Community members involved in Superintendent Dr. Tony Thurman’s focus group agreed voters need to know why the extra millage is needed.

“The common misconception is that money isn’t a problem here. People don’t know where the money is really coming from,” said Hayley Tacker, a Magness Creek parent, after hearing Thurman explain how millage works, something she said she didn’t know beforehand.

“Parents just don’t understand that there’s only so much money, and to keep our kids up-to-date, we’ll have to chip in and help,” Tacker added.

Cabot residents without children in the school system must also be educated, said Carolyn Park, secretary for the Cabot Scholarship Foundation.

“You have to hit the senior citizens hard to let them know how it affects them,” Park said.

Resident Tom Anderson summed it up best – “Someone has helped put the kids before yours in school and now it’s your turn,” he said.

The projects an increased millage would help fund include a $13 million health, physical education and recreation complex at the high school attached to a new cafeteria/student center; $11.3 million for a new elementary school; $9.04 million to install heating, ventilation and air conditioning units in 10 kitchens in the district as well as HVAC systems at Southside Elementary, Junior High South and Central Elementary; $7.3 million to add 40 classrooms at the high school to accommodate future growth; $3.66 million for renovations to the high school auditorium; $3.6 million to renovate the high school S-building; $2.27 million to upgrade the science labs at Junior High South to accommodate growth in the next four years; $1.86 million for a new roof and HVAC system at Eastside Elementary School; $1.77 million for HVAC systems in the physical-education facilities at eight campuses; and $1.82 to construct a new facility for the district’s charter school.

The district hopes the state facilities board will help fund the projects in a 60-40 split, but if not, Cabot will have to decide where to spend its 40 percent share of the cost for at least some of the 16 proposed construction projects in the next three to five years.

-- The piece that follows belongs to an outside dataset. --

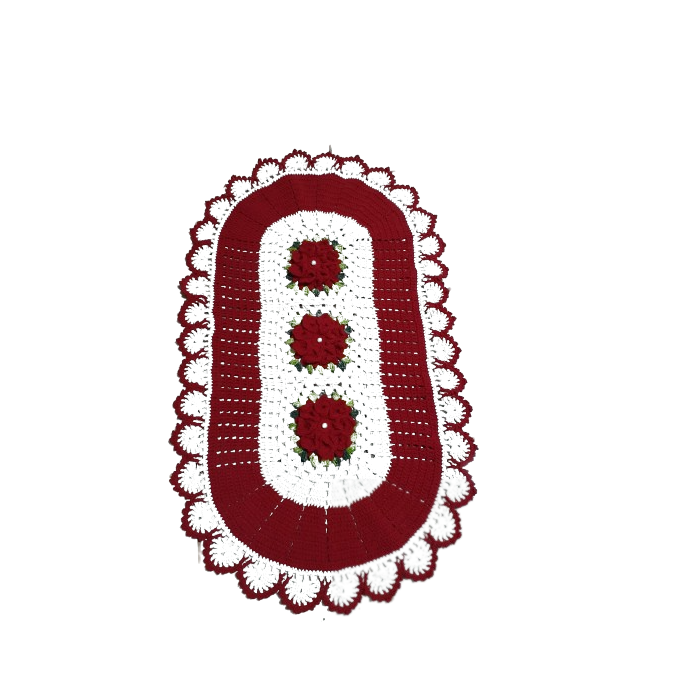 Tapete crochê Oval sala quarto Flores branco Vermelho 69x50

Also included in the 16 projects are two items the district knows are not eligible for any state assistance – purchasing the land for a new elementary school, estimated to cost $200,000, and paving Stagecoach Road from Stagecoach Elementary School to Campground Road, at an estimated cost of $50,000.

Grade configurations

Before the school board de-cided on a millage increase, it voted to move ninth grade to the high school campus in the next few years, a move that would be easier with the completion of the proposed new cafeteria and use the existing high school programs, which would more efficiently utilize the district’s facilities.

Thurman said if the ninth-graders were at the high school, it would be a special program and ninth- through 12th-graders would not be in the same structure, something he said didn’t work several years ago.

The district is at least four or five years away from moving the ninth-graders, but teacher training would take place well in advance because the district wants to do it right, Thurman said.

Ninth grade is also the grade level at which students begin accumulating credits for graduation.